We motor across the current, round the south jetty and drop anchor in 10 feet of calm water.  I settle back in the aft cockpit and close my eyes for a moment.

"Steve....Steve.....Steve"I hear my name being called but can't figure out who is shouting.  I realize it it Bruce and then, with a start, remember we are on a boat near a jetty.  I jump up and look around.  Spartina is fine.  Bruce was shouting just to wake me from a deep, deep sleep.  "It's been an hour and a half" Bruce says, the tide should be slack.

Bruce is right with the time and tide, but the tide isn't on schedule.  We motor back into the inlet and I'm surprised at how fast the water is running out.  I throttle up and we make some forward progress.  I throttle up more, watching the people standing on the jetty and marking the forward progress  by matching them against the ferris wheel in the background.  I glance down at the gps to see we are making less than a knot when, with the outboard running at this speed, we should have been making four or more knots.  The currents, an hour after what should have been low tied, is still running at three knots better.

I watch the gps and see that the farther we get into the inlet, the better our speed.  A knot, then two knots, then close to three.  And we are through the inlet.  We motor into the harbor and to top off our fuel tank.  I ask the woman at the fuel dock about the tide running so late.  "Yeah, it does that sometimes."

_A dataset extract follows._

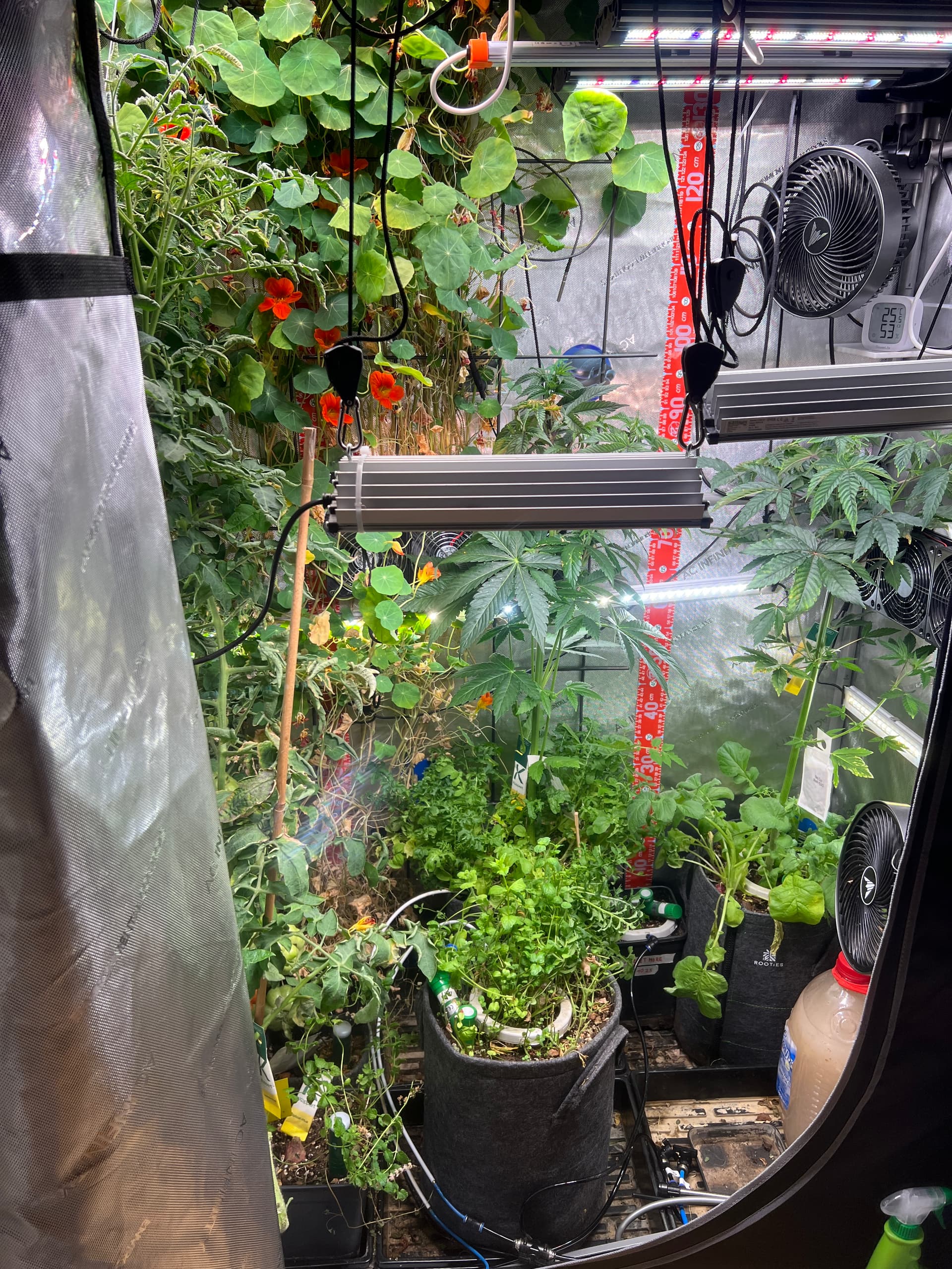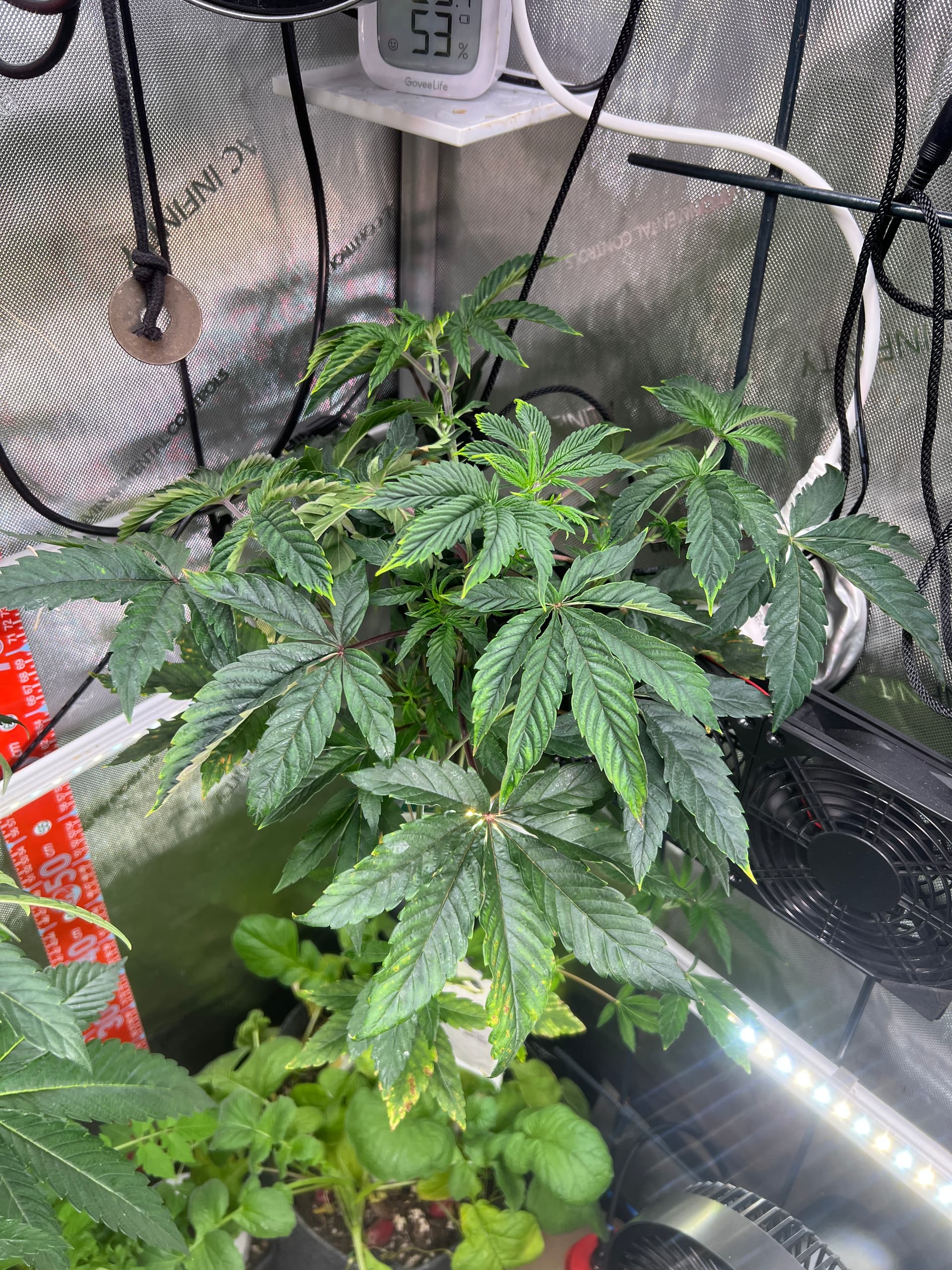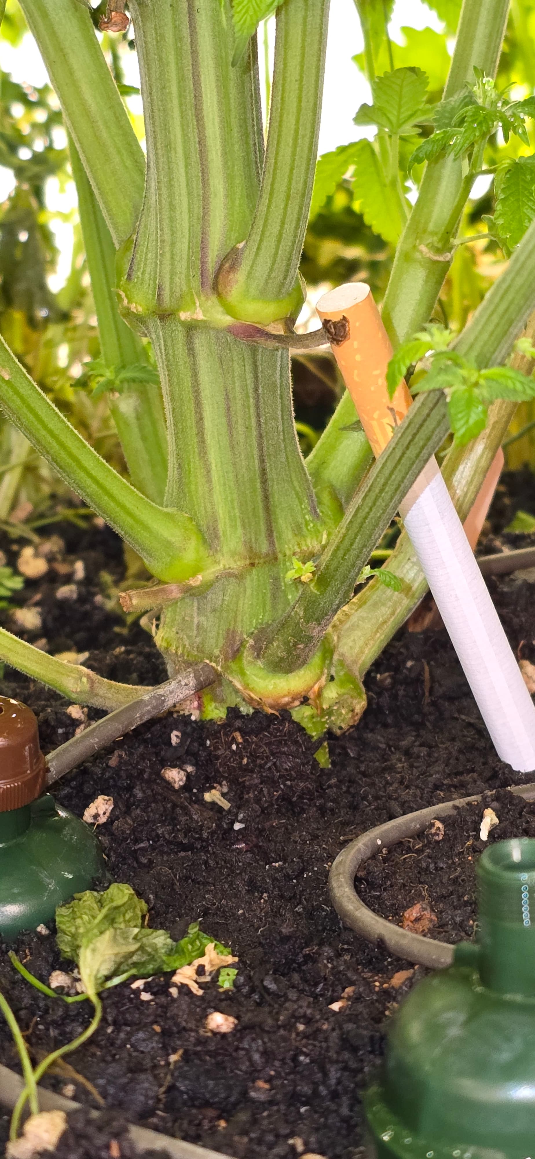 Ich bin sehr zufrieden mit dem Verlauf, den Pflanzen geht es hervorragend. Die Blütenproduktion ist voll angelaufen. Die rechte Pflanze die ich nur mehr als Panzer bezeichne ist echt krass. Ich hatte noch nie so einen dicken Stamm im Indoor Bereich.

We motor to a bait shop where I pick up a couple of bottles of iced tea, then turn south and raise full sail on narrow Sinepuxent Bay.  The mainland is to starboard lined with some upscale homes, Assateague Island with her beautiful wild horses is to port.


The afternoon wind comes and goes, we sail for a while then motor, then sail some more.  It is beautiful and peaceful.  The charts show very shallow water to the east and we cling to the channel markers.  Bruce is looking along shore hoping for a restaurant, but all we see further down the bay are woods and marshes with a couple of campgrounds.  Motor homes fill the campgrounds, the smoke from barbacue grills making us hungry.

In the evening the wind fails and we motor past two more channel markers, turn east towards Assateauge Island and drop the anchor in about six feet of water.

Dinner, then clean up the boat.  We are tired, we are relieved.  We've made it down Delaware Bay, through two inlets and an ocean sail.  Does it get easier from here?

steve

distance traveled             28 nm

moving average                2.9 knots

moving time                     9 hours 38 minutes 

1 comment:

RichC said...

Well I can feel for you when challenging the tides ... we find our schedule often misses the appropriate time to enter or exit an inlet without bucking currents. It can be tense no matter what size sailboat.